Records to use
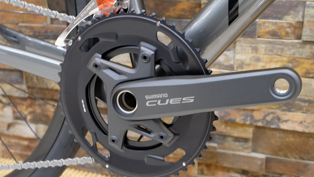 また、この2026年モデルには新世代コンポーネント「SHIMANO CUES」2×10速が採用されています。CUESは通勤や街乗りからスポーツライドまで幅広い用途を想定して開発されたシリーズで、耐久性と扱いやすさを重視しているのが特徴。LINKGLIDEというドライブトレイン技術により変速時のショックが少なく、スムーズで安定したシフティングを実現しています。さらにコンポーネントの互換性も高く、長く安心して使える点も魅力です。
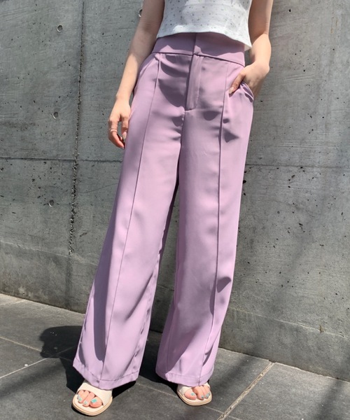 センタープレスでスタイルアップなカラーパンツ ■デザイン ・ワイドシルエットとセンターラインがきれいなシルエットの脚長見えパンツ。 ・リラックスムードな雰囲気に、ハイウエストで女性らしい印象になります。 ・ウエスト後ろゴムで履き心地も楽です。 ・今年らしいカラー展開で、いつものコーデが一気に旬見えに。 ■カラー ・オフホワイト/ブラック/ラベンダー/イエローグリーンの4色展開 ■スタイリング ・フリルブラウスやレースブラウスなど甘めなトップスと相性抜群です。 ・Tシャツと合わせたシンプルコーデもこなれ感が出てオススメ。 ・足元は厚底サンダルやスニーカーでさらにスタイルUPも◎ ■point フルレングス、ハイウエスト、ベーシック、白パンツ、着まわし、着回し、大学生コーデ、通勤通学、オフィスカジュアル、プチプラ、春服、春コーデ、夏服、夏コーデ ----------------------------- 裏地:オフホワイトのみ、あり 光沢感:なし 透け感:なし 伸縮性:なし ----------------------------- model:166cm ※着用、お取り扱いの際は、商品についている品質表示とアテンションタグを必ずご確認下さい。 ※ご覧のモニター環境や撮影環境により実際の商品と多少色味が異なって見える場合がございます。 ご理解の程よろしくお願いいたします。 ■お気に入り登録のおすすめ【気になるアイテムを登録】ハートをクリックしてお気に入りに登録すると完売カラーの再入荷やラスト1点の通知、セールの通知を受けとることができます。 【ブランドを登録】新商品や再入荷、セール通知など、いち早くブランドの情報を受けとることができます。
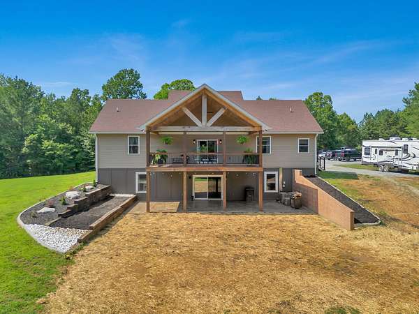 Nestled on 12 serene acres between Summertown and Hohenwald, this builder's custom home offers a perfect blend of luxury and rural charm. Featuring elegant hardwood flooring, this residence boasts spacious rooms, including a generous dining area and a vaulted great room. Step outside to an expansive covered deck with vaulted ceilings and recessed lighting, ideal for entertaining or enjoying peaceful evenings. The home showcases fine craftsmanship, featuring custom wood cabinetry and intricate millwork with wide hallways. A large laundry and mudroom area adds to the convenience and functionality of this home. The hardwood stairs also lead up to a bonus room and down to the walkout basement with additional rooms and a den. Poured concrete foundation walls. Water filter. The property is a haven for outdoor enthusiasts, complete with multiple outbuildings, a garden shed, and a thriving garden spot. Savor the fruits of your orchard with 3 peach trees, 5 apple trees, 3 pear trees, and 2 elderberry trees, alongside a small vineyard featuring Concord grapes and muscadines. Trail leading to an out-of-sight outbuilding. Electric RV hookup. With no HOA restrictions, this property provides the freedom to create your dream lifestyle. Nice level road frontage spot for business-minded folks. Embrace country living with modern comforts in this home, perfect for those seeking space, privacy, and natural beauty.
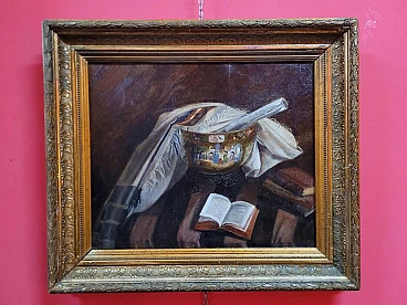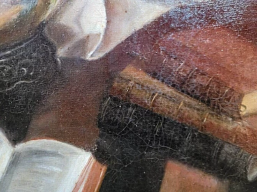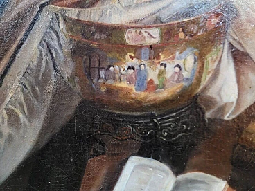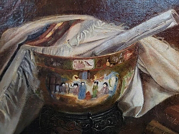 Natura morta con vaso cinese e libri, olio su tela, fine '800
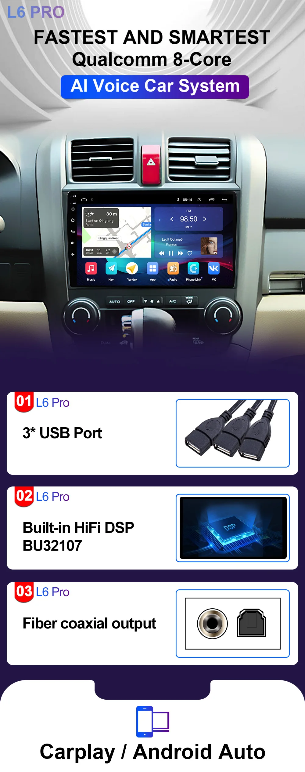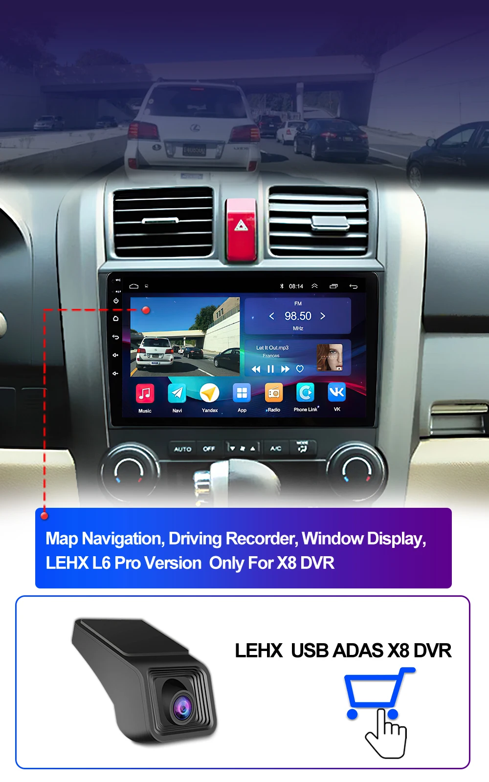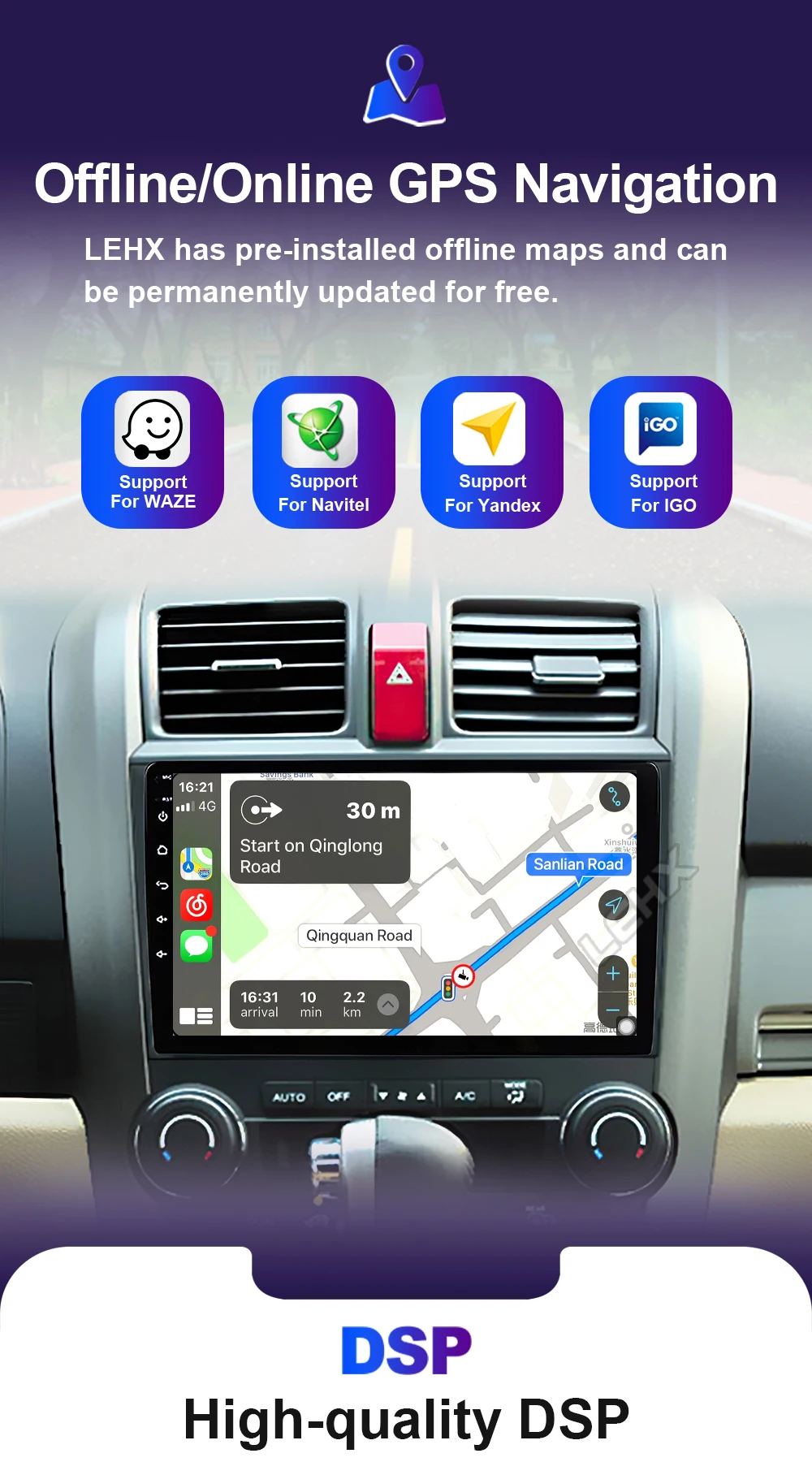 LEHX L6 Pro supports BT5.1 builtin smart Bluetooth system, which can support mobile phone Bluetooth pairing, mobile phone music, hands-free dialing, clear calls, and ensure your driving safety.

To do
Print the entries again exactly as they appear above. Do not print the pictures.

Task answer
 また、この2026年モデルには新世代コンポーネント「SHIMANO CUES」2×10速が採用されています。CUESは通勤や街乗りからスポーツライドまで幅広い用途を想定して開発されたシリーズで、耐久性と扱いやすさを重視しているのが特徴。LINKGLIDEというドライブトレイン技術により変速時のショックが少なく、スムーズで安定したシフティングを実現しています。さらにコンポーネントの互換性も高く、長く安心して使える点も魅力です。
 センタープレスでスタイルアップなカラーパンツ ■デザイン ・ワイドシルエットとセンターラインがきれいなシルエットの脚長見えパンツ。 ・リラックスムードな雰囲気に、ハイウエストで女性らしい印象になります。 ・ウエスト後ろゴムで履き心地も楽です。 ・今年らしいカラー展開で、いつものコーデが一気に旬見えに。 ■カラー ・オフホワイト/ブラック/ラベンダー/イエローグリーンの4色展開 ■スタイリング ・フリルブラウスやレースブラウスなど甘めなトップスと相性抜群です。 ・Tシャツと合わせたシンプルコーデもこなれ感が出てオススメ。 ・足元は厚底サンダルやスニーカーでさらにスタイルUPも◎ ■point フルレングス、ハイウエスト、ベーシック、白パンツ、着まわし、着回し、大学生コーデ、通勤通学、オフィスカジュアル、プチプラ、春服、春コーデ、夏服、夏コーデ ----------------------------- 裏地:オフホワイトのみ、あり 光沢感:なし 透け感:なし 伸縮性:なし ----------------------------- model:166cm ※着用、お取り扱いの際は、商品についている品質表示とアテンションタグを必ずご確認下さい。 ※ご覧のモニター環境や撮影環境により実際の商品と多少色味が異なって見える場合がございます。 ご理解の程よろしくお願いいたします。 ■お気に入り登録のおすすめ【気になるアイテムを登録】ハートをクリックしてお気に入りに登録すると完売カラーの再入荷やラスト1点の通知、セールの通知を受けとることができます。 【ブランドを登録】新商品や再入荷、セール通知など、いち早くブランドの情報を受けとることができます。
 Nestled on 12 serene acres between Summertown and Hohenwald, this builder's custom home offers a perfect blend of luxury and rural charm. Featuring elegant hardwood flooring, this residence boasts spacious rooms, including a generous dining area and a vaulted great room. Step outside to an expansive covered deck with vaulted ceilings and recessed lighting, ideal for entertaining or enjoying peaceful evenings. The home showcases fine craftsmanship, featuring custom wood cabinetry and intricate millwork with wide hallways. A large laundry and mudroom area adds to the convenience and functionality of this home. The hardwood stairs also lead up to a bonus room and down to the walkout basement with additional rooms and a den. Poured concrete foundation walls. Water filter. The property is a haven for outdoor enthusiasts, complete with multiple outbuildings, a garden shed, and a thriving garden spot. Savor the fruits of your orchard with 3 peach trees, 5 apple trees, 3 pear trees, and 2 elderberry trees, alongside a small vineyard featuring Concord grapes and muscadines. Trail leading to an out-of-sight outbuilding. Electric RV hookup. With no HOA restrictions, this property provides the freedom to create your dream lifestyle. Nice level road frontage spot for business-minded folks. Embrace country living with modern comforts in this home, perfect for those seeking space, privacy, and natural beauty.
 Natura morta con vaso cinese e libri, olio su tela, fine '800
 LEHX L6 Pro supports BT5.1 builtin smart Bluetooth system, which can support mobile phone Bluetooth pairing, mobile phone music, hands-free dialing, clear calls, and ensure your driving safety.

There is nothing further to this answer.